The FTSEurofirst 300 index of top European shares unofficially closed 0.9 percent lower at 1,078.90 points, a level not seen since early September.
Despite the day's losses, IG market analyst Jerome Vinerier said the overall market remains without a clear direction.
"Apart from the DAX which has started to take a hit, European indexes are mostly in a consolidation mode, moving sideways," he said. "We're not getting any 'sell' signals, keeping in mind that just a week ago a lot of indexes were testing year highs."
Euro zone data showed that the region slipped into recession in the third quarter of 2012, as French resilience failed to mitigate the effect of a slump in Germany.

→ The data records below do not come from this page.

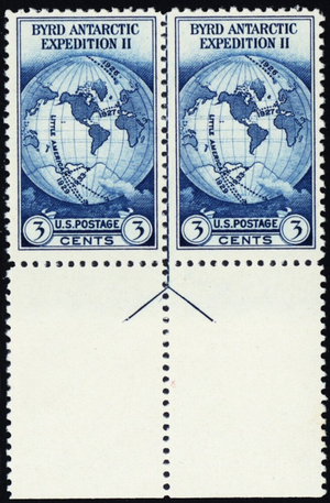 753, Unused NGAI 3¢ Byrd Vertical Line Pair -- Stuart Katz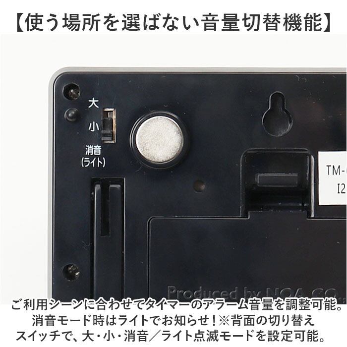 ・ご利用シーンに合わせてタイマーのアラーム音量を調整可能。消音モード時はライトでお知らせ!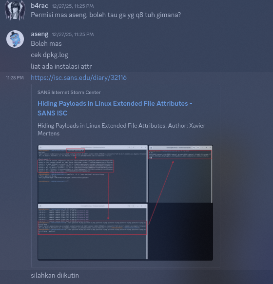 Jadi, pada saat Cyber Jawara Quals 2025 kemarin, lebih tepatnya pada tanggal 25 Desember 2025, gw ngerjain soal foren mas aseng yang berjudul Unorthodox Part 1 dan berujung upsolve (solve diluar jam lomba) karna gw stuck di pertanyaan terakhir… dan baru solve saat gw sendiri nanyain soal itu ke author nya (aseng) dan gw dpet insight baru dari chall ini.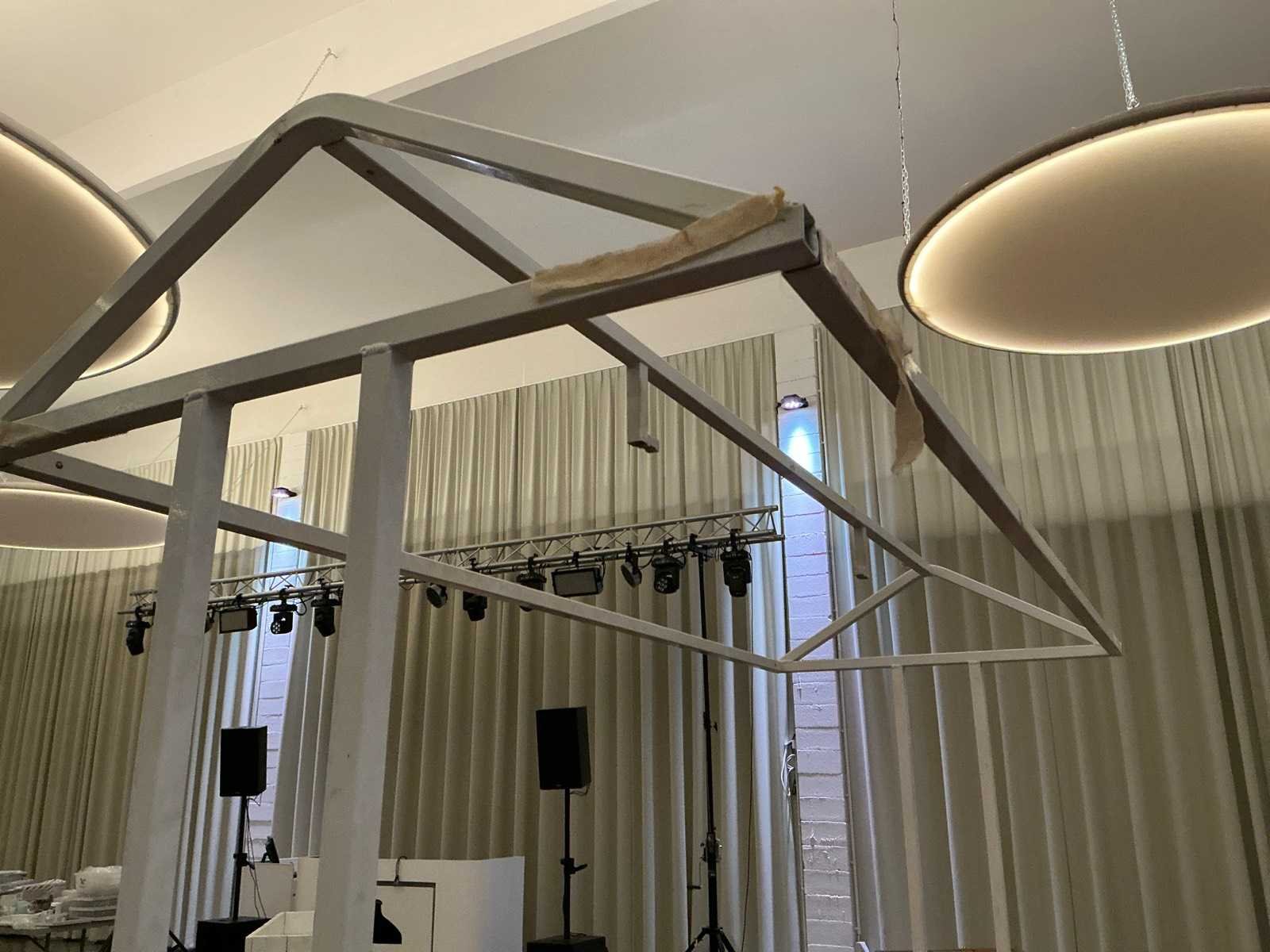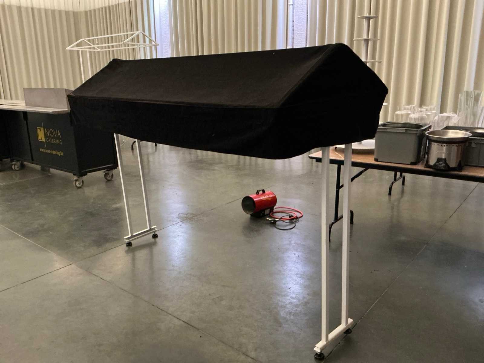 Bestaande uit 2 tafels van 2 meter lang en 3 opzet frames. Inclusief 2 soorten luifels voor “dakgedeelte”. Perfect voor bediening bij evenementen. Nee

Germany's economic growth slowed to 0.2 percent in the third quarter over the previous quarter, while Spain's economy contracted 0.3 percent. Both were in line with expectations.
On the other hand, data from France showed the economy grew 0.2 percent, better than forecasts for zero growth. The euro zone economy as a whole contracted 0.1 percent in the third quarter, following a contraction of 0.2 percent in the second quarter.
Ex-Europe, China's Communist Party unveiled its new leadership on Thursday, confirming Xi Jinping's elevation to top spot as the next President and party chief and Li Keqiang as Prime Minister.
Speaking after his election Xi said he and his party face "severe challenges" and problems within the party such as corruption, bureaucracy and being out of touch with the people. Xi added that it was the duty of the party to reform.
The seven-man Politburo Standing Committee — China's most powerful group of senior leaders overseeing the Republic's governance under Xi Jinping — was also named.